Robust Change Captioning in Remote Sensing: SECOND-CC Dataset and MModalCC Framework

Karaca, Ali; Ozelbas, Muhammed; Berber, Saadettin; Karimli, Orkhan; Yıldırım, Tülay; Amasyalı, Mehmet

doi:10.1109/jstars.2025.3600613

Robust Change Captioning in Remote Sensing: SECOND-CC Dataset and MModalCC Framework

Karaca A. C., Ozelbas E., Berber S., Karimli O., Yıldırım T., Amasyalı M. F.

IEEE Journal of Selected Topics in Applied Earth Observations and Remote Sensing, cilt.18, ss.21494-21513, 2025 (SCI-Expanded, Scopus)
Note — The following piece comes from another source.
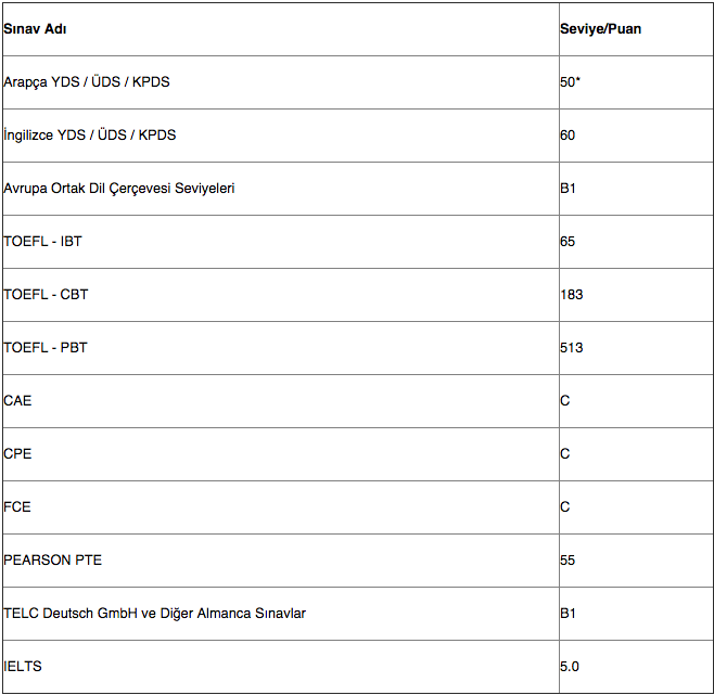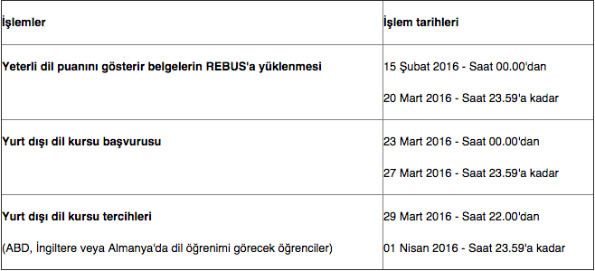 Yurt dışı dil ve başvuru işlemlerine katılacak öğrencilerinden Almanca, Arapça ve İngilizce için yeterli dil puanına (Bkz. 2015 öğrencileri için Tablo 1, 2014 öğrencileri için Tablo 2) sahip olanların, yabancı dil sınavı sonuç belgelerini işlem takviminde belirtilen tarihler arasında REBUS'a yüklemeleri zorunludur. Yeterli yabancı dil puanlarını ibraz etmeyen öğrencilerin başvuru ve tercih işlemleri iptal edilecektir.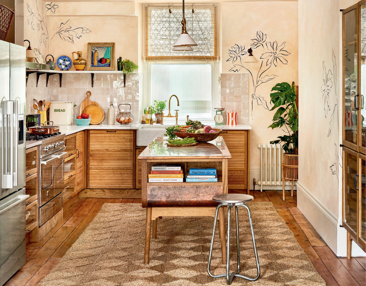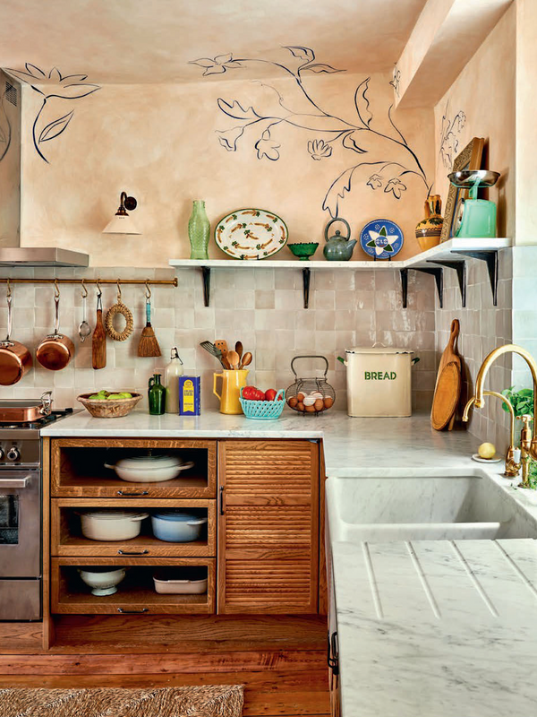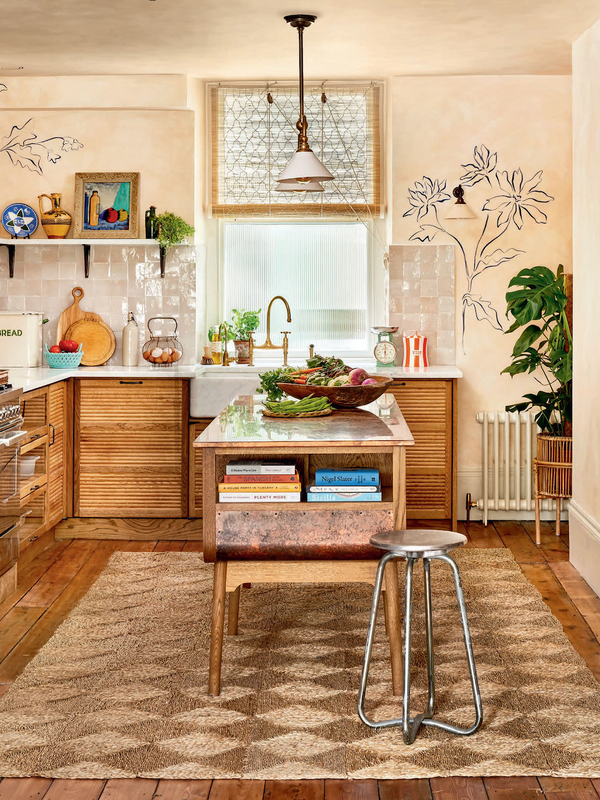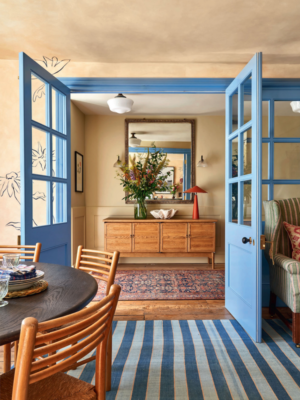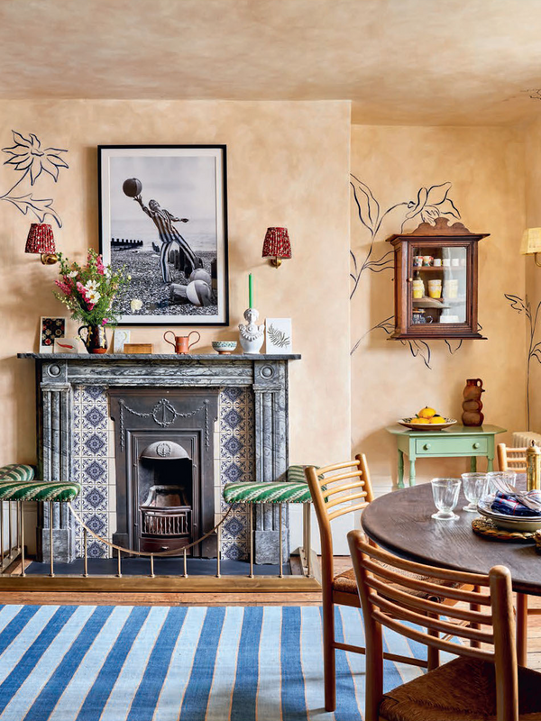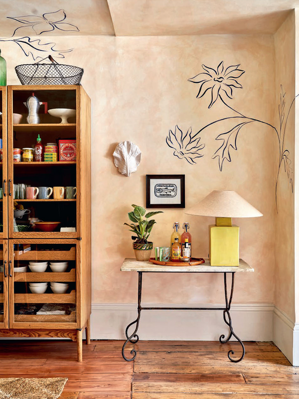Decoration of the kitchen and dining room of a Georgian bay-fronted house. Our brief was to evoke a relaxed and creative atmosphere, with loose florals sketched over a parchment texture wall wash. Inspired by Jean Cocteau's line drawings, oversized flowers sprawl across the walls and ceiling as though quickly sketched in ink.

Yayın Türü: Makale / Tam Makale
Cilt numarası: 18
Basım Tarihi: 2025
Doi Numarası: 10.1109/jstars.2025.3600613
Dergi Adı: IEEE Journal of Selected Topics in Applied Earth Observations and Remote Sensing
Derginin Tarandığı İndeksler: Science Citation Index Expanded (SCI-EXPANDED), Scopus, Aerospace Database, Aquatic Science & Fisheries Abstracts (ASFA), Compendex, Geobase, INSPEC, Directory of Open Access Journals, Civil Engineering Abstracts
Sayfa Sayıları: ss.21494-21513
Anahtar Kelimeler: Change captioning, multimodal change captioning (MModalCC), remote sensing (RS) images
Yıldız Teknik Üniversitesi Adresli: Evet

Özet

Existing remote sensing image change captioning (RSICC) methods often fail under challenges, such as illumination differences, viewpoint changes, and blur effects, leading to inaccuracies, especially in no-change regions. Moreover, images acquired at different spatial resolutions and with registration errors tend to affect the captions. To address these issues, we introduce SECOND-CC, a novel RSICC dataset featuring high-resolution RGB image pairs, semantic segmentation maps, and diverse real-world scenarios. SECOND-CC contains 6041 pairs of bitemporal remote sensing images and 30 205 sentences describing the differences between the images. In addition, we propose MModalCC, a multimodal framework that integrates semantic and visual data using advanced attention mechanisms, including cross-modal cross attention and multimodal gated cross attention. In addition, we adapt MModalCC to handle noisy semantic inputs by integrating a semantic change detector, improving its robustness for real-world applications. Detailed ablation studies and attention visualizations further demonstrate its effectiveness and ability to address the challenges of RSICC. Comprehensive experiments show that MModalCC outperforms state-of-the-art RSICC methods, including RSICCformer, Chg2Cap, and PSNet with +4.6% improvement on BLEU4 score and +9.6% improvement on CIDEr score in SECOND-CC dataset. MModalCC was further validated on the LEVIR-MCI benchmark, where it achieved an average S*m score of 83.51, significantly outperforming previous state-of-the-art methods.